I find your notation to be a touch bit confusing. It might help if we work out one of the components together. Let's work on the term $(B\times \nabla)\cdot A$. Write $A = (A_1,A_2,A_3), B=(B_1,B_2,B_3), \nabla = (\partial_1,\partial_2,\partial_3)$. First, let us figure out what $B \times \nabla$ look like. As per your definition above, we know that
$$B \times \nabla = \epsilon_{ijk} B_j \nabla_k.$$
The important think to realize here is that while the "j" and "k" indices have been summed over, the "i" index is still free. Namely, $B\times\nabla$ looks like something with only one free index (the "i" index) to sum over, so let us write $C_i = \epsilon_{ijk} B_j \nabla_k$. Thus if $C = (C_1,C_2,C_3)$ our objective is now to find
$$(B \times \nabla) \cdot A = C \cdot A$$
but we know how to do this. That is, we have that $C \cdot A = \delta_{i\ell} C_i A_\ell$.

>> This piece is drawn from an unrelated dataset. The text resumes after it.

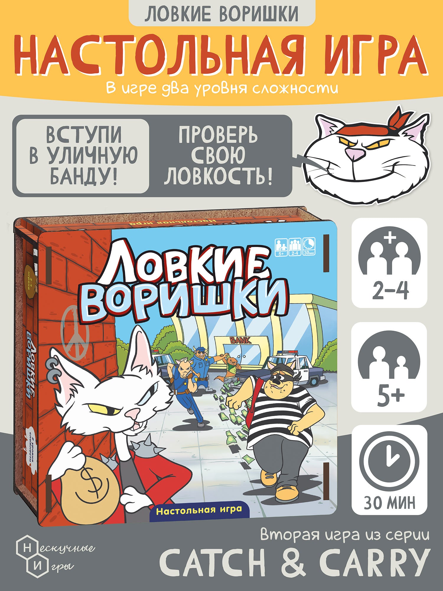 Настольная игра «Ловкие воришки» — это вторая игра в серии «Catch&carry». Дерзкие банды воришек грабят банки на улицах Энимал-сити. Хотите вступить в одну из уличных банд, проверить свою ловкость и хитрость, обойдя соперников и заполучить все ценности из хранилищ? Тогда вперёд! С каждым ходом ценностей остаётся все меньше и меньше, рассчитывайте свои ходы, собирайте как можно больше добычи и отрезайте пути движения противникам. Но будьте осторожны, банк патрулируют охранники! Победит тот, чья банда соберёт самый большой куш!

Now I would like to note here that we are about to write $C_i$ in terms of $B_j, \partial_k$, and if we want to keep our notation straight, we should ensure that we do not use either j,k in our index for A.

Hence we have
$$\begin{align*} (B \times \nabla)\cdot A &= C\cdot A = \delta_{i\ell} C_i A_\ell \\ &= \delta_{i\ell} (\epsilon_{ijk} B_j \partial_k) A_\ell \\ &= \delta_{i\ell} \epsilon_{ijk} B_j \partial_k A_\ell \end{align*}$$
You could leave it like this, or you could actually evaluate this. We already know that if we see $\delta_{i\ell}$ we can simply replace all occurrences of i with that of $\ell$, yielding
$$\delta_{i\ell} \epsilon_{ijk} B_j \partial_k A_\ell = \epsilon_{ijk} B_j \partial_k A_i .$$
Now it may be best to leave it like this for now, and evaluate other expressions. Likely things will cancel. On the other hand, you could write it out to see that
$$\epsilon_{ijk} B_j \partial_k A_i = B_2 \partial_3 A_1 - B_1 \partial_3 A_2 + B_3 \partial_1 A_2 - B_2 \partial_1 A_3 + B_1 \partial_2 A_3 - B_3 \partial_2 A_1$$